Action item: With pictures removed, the data below should be returned exactly.

Collected material:

*** Block opens ***

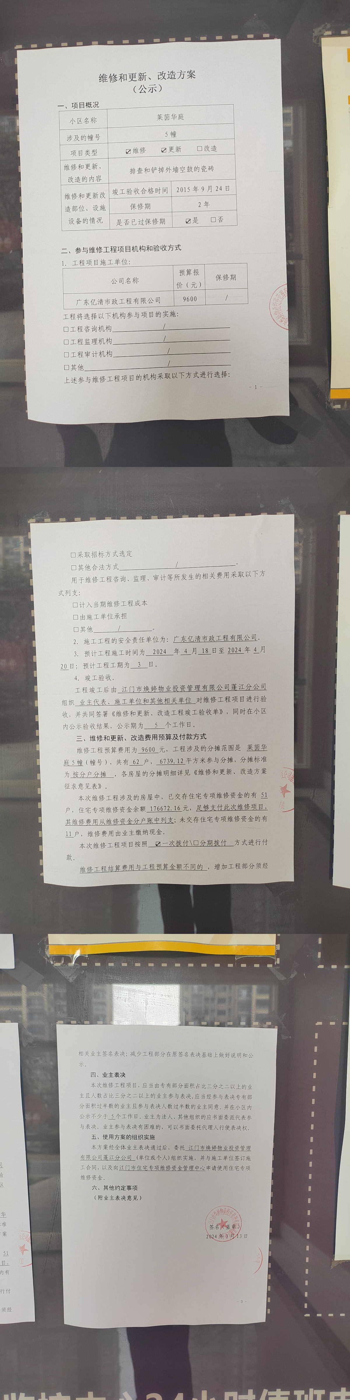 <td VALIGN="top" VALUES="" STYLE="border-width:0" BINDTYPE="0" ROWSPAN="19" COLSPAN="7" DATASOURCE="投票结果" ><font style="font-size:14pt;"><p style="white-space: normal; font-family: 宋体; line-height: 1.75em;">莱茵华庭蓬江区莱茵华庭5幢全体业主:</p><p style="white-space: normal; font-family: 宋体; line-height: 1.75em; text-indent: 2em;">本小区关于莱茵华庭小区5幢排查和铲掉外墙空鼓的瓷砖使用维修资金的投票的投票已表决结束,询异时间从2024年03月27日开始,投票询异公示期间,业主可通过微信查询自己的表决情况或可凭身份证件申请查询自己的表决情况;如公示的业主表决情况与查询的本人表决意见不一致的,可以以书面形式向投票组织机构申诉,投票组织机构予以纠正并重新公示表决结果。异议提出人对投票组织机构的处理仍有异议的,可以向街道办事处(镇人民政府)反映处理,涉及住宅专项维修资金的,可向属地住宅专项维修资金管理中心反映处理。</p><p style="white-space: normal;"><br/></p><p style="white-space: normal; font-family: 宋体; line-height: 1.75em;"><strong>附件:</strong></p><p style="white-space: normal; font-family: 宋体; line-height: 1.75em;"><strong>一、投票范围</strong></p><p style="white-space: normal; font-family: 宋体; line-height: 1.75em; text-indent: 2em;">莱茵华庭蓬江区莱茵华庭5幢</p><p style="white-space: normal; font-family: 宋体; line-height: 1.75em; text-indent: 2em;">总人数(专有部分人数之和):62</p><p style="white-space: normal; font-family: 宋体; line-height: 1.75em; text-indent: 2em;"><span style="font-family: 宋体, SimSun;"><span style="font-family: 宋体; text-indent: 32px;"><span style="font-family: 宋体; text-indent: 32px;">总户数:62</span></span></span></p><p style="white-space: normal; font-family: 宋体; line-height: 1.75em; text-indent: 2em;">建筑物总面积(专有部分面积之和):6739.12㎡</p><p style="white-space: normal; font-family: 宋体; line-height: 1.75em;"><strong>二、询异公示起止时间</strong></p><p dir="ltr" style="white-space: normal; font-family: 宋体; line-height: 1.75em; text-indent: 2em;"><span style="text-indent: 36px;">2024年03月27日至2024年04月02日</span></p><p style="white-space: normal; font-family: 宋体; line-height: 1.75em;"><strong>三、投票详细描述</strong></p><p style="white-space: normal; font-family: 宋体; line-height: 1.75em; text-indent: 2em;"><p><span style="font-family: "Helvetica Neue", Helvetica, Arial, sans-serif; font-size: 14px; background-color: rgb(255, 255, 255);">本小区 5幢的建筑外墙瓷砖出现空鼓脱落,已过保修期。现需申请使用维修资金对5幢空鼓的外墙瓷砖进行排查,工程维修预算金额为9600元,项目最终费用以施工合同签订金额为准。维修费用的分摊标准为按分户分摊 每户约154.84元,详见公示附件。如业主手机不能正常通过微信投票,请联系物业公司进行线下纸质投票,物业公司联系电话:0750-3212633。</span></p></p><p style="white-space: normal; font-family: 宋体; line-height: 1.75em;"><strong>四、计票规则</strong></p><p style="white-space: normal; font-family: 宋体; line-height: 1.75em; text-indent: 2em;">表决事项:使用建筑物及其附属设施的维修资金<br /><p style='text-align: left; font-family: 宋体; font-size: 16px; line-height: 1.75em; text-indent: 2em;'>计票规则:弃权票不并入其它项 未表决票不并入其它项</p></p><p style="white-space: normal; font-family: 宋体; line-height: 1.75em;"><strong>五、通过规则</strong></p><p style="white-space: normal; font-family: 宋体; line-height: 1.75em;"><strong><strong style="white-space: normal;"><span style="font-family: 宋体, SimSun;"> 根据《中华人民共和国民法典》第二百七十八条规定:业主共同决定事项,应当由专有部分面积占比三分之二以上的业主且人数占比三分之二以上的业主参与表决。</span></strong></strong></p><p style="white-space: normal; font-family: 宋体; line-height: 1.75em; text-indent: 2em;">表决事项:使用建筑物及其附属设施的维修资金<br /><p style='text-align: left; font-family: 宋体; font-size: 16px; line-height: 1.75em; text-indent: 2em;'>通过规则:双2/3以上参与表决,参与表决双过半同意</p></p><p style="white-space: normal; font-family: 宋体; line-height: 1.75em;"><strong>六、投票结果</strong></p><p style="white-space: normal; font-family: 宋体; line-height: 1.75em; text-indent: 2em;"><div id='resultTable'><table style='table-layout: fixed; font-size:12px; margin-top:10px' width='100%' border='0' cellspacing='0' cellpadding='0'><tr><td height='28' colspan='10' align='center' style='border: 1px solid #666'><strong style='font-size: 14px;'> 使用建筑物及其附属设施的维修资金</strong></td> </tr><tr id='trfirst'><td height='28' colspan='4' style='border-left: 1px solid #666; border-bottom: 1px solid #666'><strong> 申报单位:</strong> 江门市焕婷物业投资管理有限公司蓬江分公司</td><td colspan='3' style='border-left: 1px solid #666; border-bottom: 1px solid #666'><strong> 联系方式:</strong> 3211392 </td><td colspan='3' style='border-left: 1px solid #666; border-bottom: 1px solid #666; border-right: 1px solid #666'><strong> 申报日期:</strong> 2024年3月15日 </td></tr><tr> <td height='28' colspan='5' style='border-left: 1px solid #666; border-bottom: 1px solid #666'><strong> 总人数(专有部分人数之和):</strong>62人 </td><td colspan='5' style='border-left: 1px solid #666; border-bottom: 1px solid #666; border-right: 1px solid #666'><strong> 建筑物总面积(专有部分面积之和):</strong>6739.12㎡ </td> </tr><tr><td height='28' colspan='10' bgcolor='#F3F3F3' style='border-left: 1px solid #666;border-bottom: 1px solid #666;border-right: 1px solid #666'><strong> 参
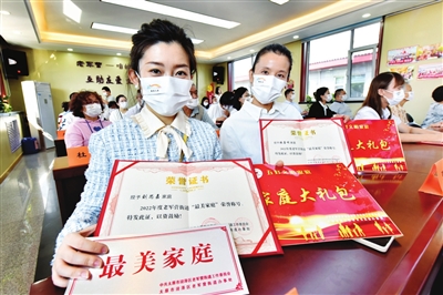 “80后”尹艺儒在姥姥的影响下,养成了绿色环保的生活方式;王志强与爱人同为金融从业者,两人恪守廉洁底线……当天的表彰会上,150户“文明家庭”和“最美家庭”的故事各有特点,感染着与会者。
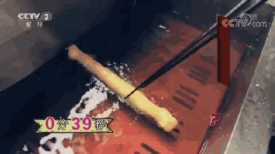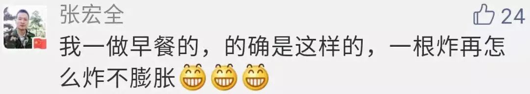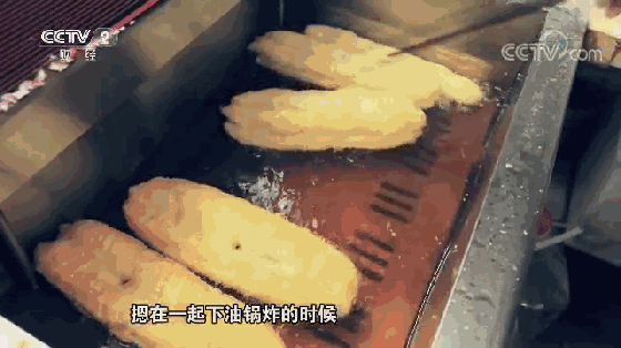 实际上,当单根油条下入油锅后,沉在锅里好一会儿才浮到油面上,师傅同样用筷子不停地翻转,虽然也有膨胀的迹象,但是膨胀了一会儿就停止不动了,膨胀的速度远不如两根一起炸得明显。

*** Block closes ***

Answer to this exercise:
 <td VALIGN="top" VALUES="" STYLE="border-width:0" BINDTYPE="0" ROWSPAN="19" COLSPAN="7" DATASOURCE="投票结果" ><font style="font-size:14pt;"><p style="white-space: normal; font-family: 宋体; line-height: 1.75em;">莱茵华庭蓬江区莱茵华庭5幢全体业主:</p><p style="white-space: normal; font-family: 宋体; line-height: 1.75em; text-indent: 2em;">本小区关于莱茵华庭小区5幢排查和铲掉外墙空鼓的瓷砖使用维修资金的投票的投票已表决结束,询异时间从2024年03月27日开始,投票询异公示期间,业主可通过微信查询自己的表决情况或可凭身份证件申请查询自己的表决情况;如公示的业主表决情况与查询的本人表决意见不一致的,可以以书面形式向投票组织机构申诉,投票组织机构予以纠正并重新公示表决结果。异议提出人对投票组织机构的处理仍有异议的,可以向街道办事处(镇人民政府)反映处理,涉及住宅专项维修资金的,可向属地住宅专项维修资金管理中心反映处理。</p><p style="white-space: normal;"><br/></p><p style="white-space: normal; font-family: 宋体; line-height: 1.75em;"><strong>附件:</strong></p><p style="white-space: normal; font-family: 宋体; line-height: 1.75em;"><strong>一、投票范围</strong></p><p style="white-space: normal; font-family: 宋体; line-height: 1.75em; text-indent: 2em;">莱茵华庭蓬江区莱茵华庭5幢</p><p style="white-space: normal; font-family: 宋体; line-height: 1.75em; text-indent: 2em;">总人数(专有部分人数之和):62</p><p style="white-space: normal; font-family: 宋体; line-height: 1.75em; text-indent: 2em;"><span style="font-family: 宋体, SimSun;"><span style="font-family: 宋体; text-indent: 32px;"><span style="font-family: 宋体; text-indent: 32px;">总户数:62</span></span></span></p><p style="white-space: normal; font-family: 宋体; line-height: 1.75em; text-indent: 2em;">建筑物总面积(专有部分面积之和):6739.12㎡</p><p style="white-space: normal; font-family: 宋体; line-height: 1.75em;"><strong>二、询异公示起止时间</strong></p><p dir="ltr" style="white-space: normal; font-family: 宋体; line-height: 1.75em; text-indent: 2em;"><span style="text-indent: 36px;">2024年03月27日至2024年04月02日</span></p><p style="white-space: normal; font-family: 宋体; line-height: 1.75em;"><strong>三、投票详细描述</strong></p><p style="white-space: normal; font-family: 宋体; line-height: 1.75em; text-indent: 2em;"><p><span style="font-family: "Helvetica Neue", Helvetica, Arial, sans-serif; font-size: 14px; background-color: rgb(255, 255, 255);">本小区 5幢的建筑外墙瓷砖出现空鼓脱落,已过保修期。现需申请使用维修资金对5幢空鼓的外墙瓷砖进行排查,工程维修预算金额为9600元,项目最终费用以施工合同签订金额为准。维修费用的分摊标准为按分户分摊 每户约154.84元,详见公示附件。如业主手机不能正常通过微信投票,请联系物业公司进行线下纸质投票,物业公司联系电话:0750-3212633。</span></p></p><p style="white-space: normal; font-family: 宋体; line-height: 1.75em;"><strong>四、计票规则</strong></p><p style="white-space: normal; font-family: 宋体; line-height: 1.75em; text-indent: 2em;">表决事项:使用建筑物及其附属设施的维修资金<br /><p style='text-align: left; font-family: 宋体; font-size: 16px; line-height: 1.75em; text-indent: 2em;'>计票规则:弃权票不并入其它项 未表决票不并入其它项</p></p><p style="white-space: normal; font-family: 宋体; line-height: 1.75em;"><strong>五、通过规则</strong></p><p style="white-space: normal; font-family: 宋体; line-height: 1.75em;"><strong><strong style="white-space: normal;"><span style="font-family: 宋体, SimSun;"> 根据《中华人民共和国民法典》第二百七十八条规定:业主共同决定事项,应当由专有部分面积占比三分之二以上的业主且人数占比三分之二以上的业主参与表决。</span></strong></strong></p><p style="white-space: normal; font-family: 宋体; line-height: 1.75em; text-indent: 2em;">表决事项:使用建筑物及其附属设施的维修资金<br /><p style='text-align: left; font-family: 宋体; font-size: 16px; line-height: 1.75em; text-indent: 2em;'>通过规则:双2/3以上参与表决,参与表决双过半同意</p></p><p style="white-space: normal; font-family: 宋体; line-height: 1.75em;"><strong>六、投票结果</strong></p><p style="white-space: normal; font-family: 宋体; line-height: 1.75em; text-indent: 2em;"><div id='resultTable'><table style='table-layout: fixed; font-size:12px; margin-top:10px' width='100%' border='0' cellspacing='0' cellpadding='0'><tr><td height='28' colspan='10' align='center' style='border: 1px solid #666'><strong style='font-size: 14px;'> 使用建筑物及其附属设施的维修资金</strong></td> </tr><tr id='trfirst'><td height='28' colspan='4' style='border-left: 1px solid #666; border-bottom: 1px solid #666'><strong> 申报单位:</strong> 江门市焕婷物业投资管理有限公司蓬江分公司</td><td colspan='3' style='border-left: 1px solid #666; border-bottom: 1px solid #666'><strong> 联系方式:</strong> 3211392 </td><td colspan='3' style='border-left: 1px solid #666; border-bottom: 1px solid #666; border-right: 1px solid #666'><strong> 申报日期:</strong> 2024年3月15日 </td></tr><tr> <td height='28' colspan='5' style='border-left: 1px solid #666; border-bottom: 1px solid #666'><strong> 总人数(专有部分人数之和):</strong>62人 </td><td colspan='5' style='border-left: 1px solid #666; border-bottom: 1px solid #666; border-right: 1px solid #666'><strong> 建筑物总面积(专有部分面积之和):</strong>6739.12㎡ </td> </tr><tr><td height='28' colspan='10' bgcolor='#F3F3F3' style='border-left: 1px solid #666;border-bottom: 1px solid #666;border-right: 1px solid #666'><strong> 参
 “80后”尹艺儒在姥姥的影响下,养成了绿色环保的生活方式;王志强与爱人同为金融从业者,两人恪守廉洁底线……当天的表彰会上,150户“文明家庭”和“最美家庭”的故事各有特点,感染着与会者。
 实际上,当单根油条下入油锅后,沉在锅里好一会儿才浮到油面上,师傅同样用筷子不停地翻转,虽然也有膨胀的迹象,但是膨胀了一会儿就停止不动了,膨胀的速度远不如两根一起炸得明显。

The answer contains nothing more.